Your instructions:
Transcribe the entries below word for word, beginning at the line with "Am Freitag, den" and stopping after the line with "그러고 보니 내가 출근"; drop all pictures.

Input data:
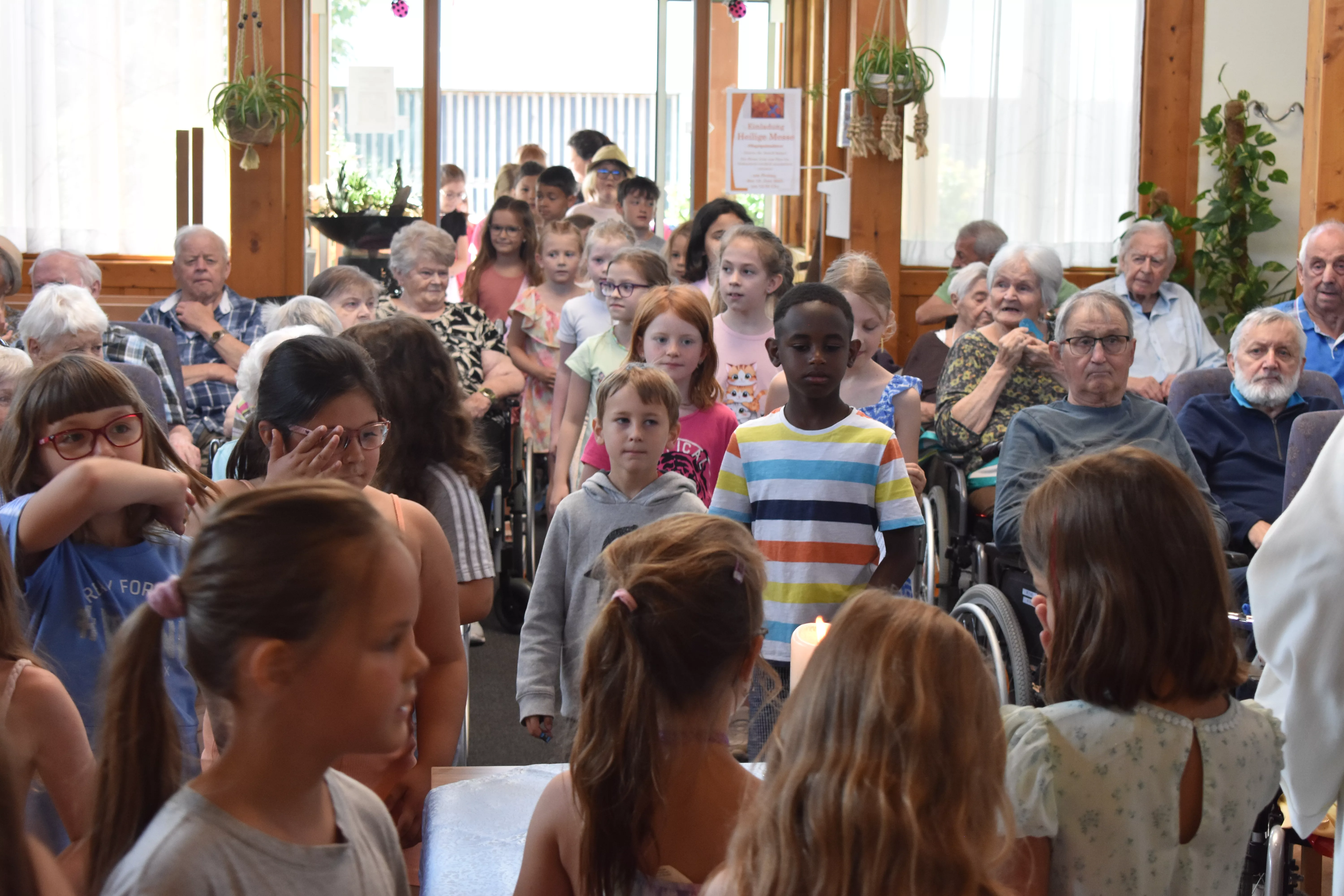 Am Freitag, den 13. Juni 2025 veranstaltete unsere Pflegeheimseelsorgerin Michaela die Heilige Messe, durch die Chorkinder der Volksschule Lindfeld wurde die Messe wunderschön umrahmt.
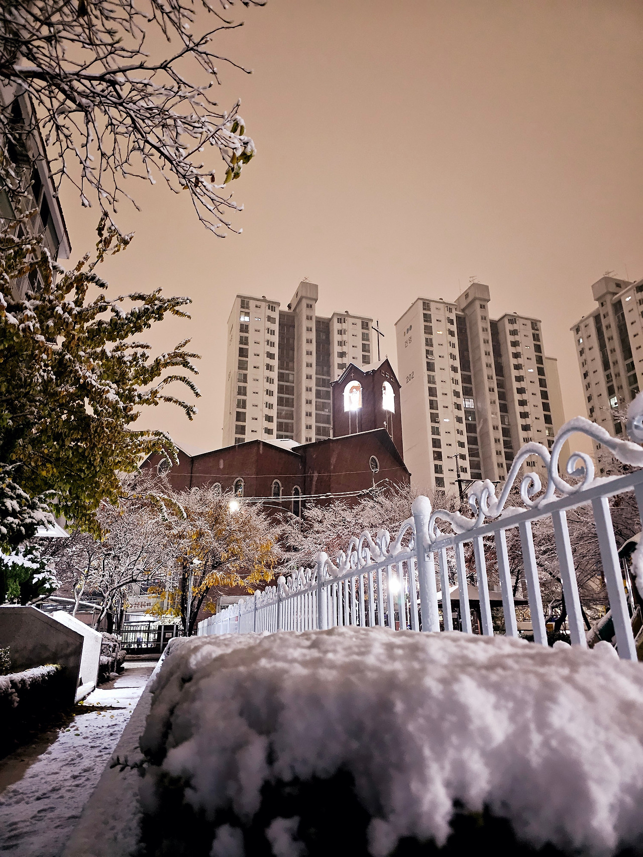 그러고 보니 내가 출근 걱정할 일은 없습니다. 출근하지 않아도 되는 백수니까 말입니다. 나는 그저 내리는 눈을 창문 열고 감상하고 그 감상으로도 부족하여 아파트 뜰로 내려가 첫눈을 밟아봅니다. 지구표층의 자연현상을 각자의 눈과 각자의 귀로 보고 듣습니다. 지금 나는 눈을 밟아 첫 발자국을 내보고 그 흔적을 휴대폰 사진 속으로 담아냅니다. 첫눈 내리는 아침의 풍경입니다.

--

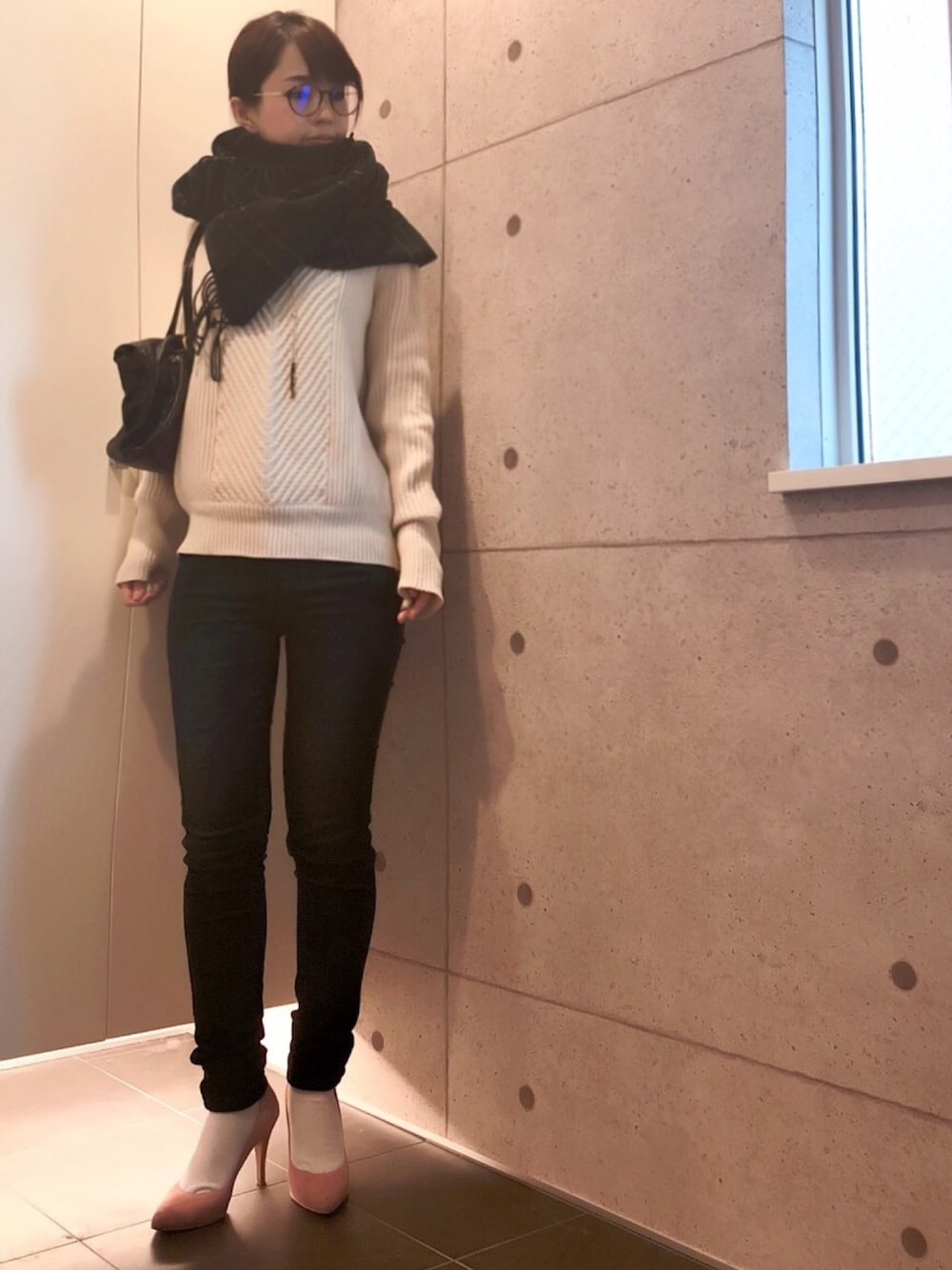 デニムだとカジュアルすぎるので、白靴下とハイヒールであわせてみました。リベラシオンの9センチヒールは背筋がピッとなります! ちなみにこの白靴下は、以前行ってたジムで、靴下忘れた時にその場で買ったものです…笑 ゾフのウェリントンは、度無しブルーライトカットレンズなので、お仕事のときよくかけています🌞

...

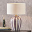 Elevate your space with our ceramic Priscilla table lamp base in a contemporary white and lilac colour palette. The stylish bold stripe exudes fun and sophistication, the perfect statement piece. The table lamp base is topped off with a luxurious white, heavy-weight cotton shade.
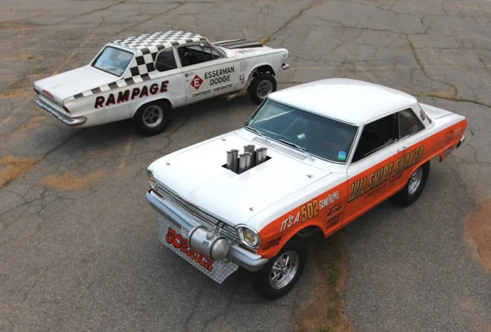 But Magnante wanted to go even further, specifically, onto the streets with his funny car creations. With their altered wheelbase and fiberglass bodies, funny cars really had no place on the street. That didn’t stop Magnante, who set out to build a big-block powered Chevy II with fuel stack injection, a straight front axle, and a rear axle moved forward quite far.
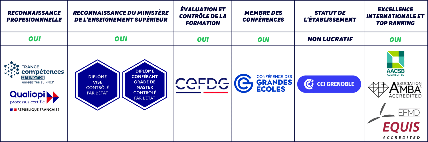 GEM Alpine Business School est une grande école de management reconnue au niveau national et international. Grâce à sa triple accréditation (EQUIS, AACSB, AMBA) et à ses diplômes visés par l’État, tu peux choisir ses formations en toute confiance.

Result:
 Am Freitag, den 13. Juni 2025 veranstaltete unsere Pflegeheimseelsorgerin Michaela die Heilige Messe, durch die Chorkinder der Volksschule Lindfeld wurde die Messe wunderschön umrahmt.
 그러고 보니 내가 출근 걱정할 일은 없습니다. 출근하지 않아도 되는 백수니까 말입니다. 나는 그저 내리는 눈을 창문 열고 감상하고 그 감상으로도 부족하여 아파트 뜰로 내려가 첫눈을 밟아봅니다. 지구표층의 자연현상을 각자의 눈과 각자의 귀로 보고 듣습니다. 지금 나는 눈을 밟아 첫 발자국을 내보고 그 흔적을 휴대폰 사진 속으로 담아냅니다. 첫눈 내리는 아침의 풍경입니다.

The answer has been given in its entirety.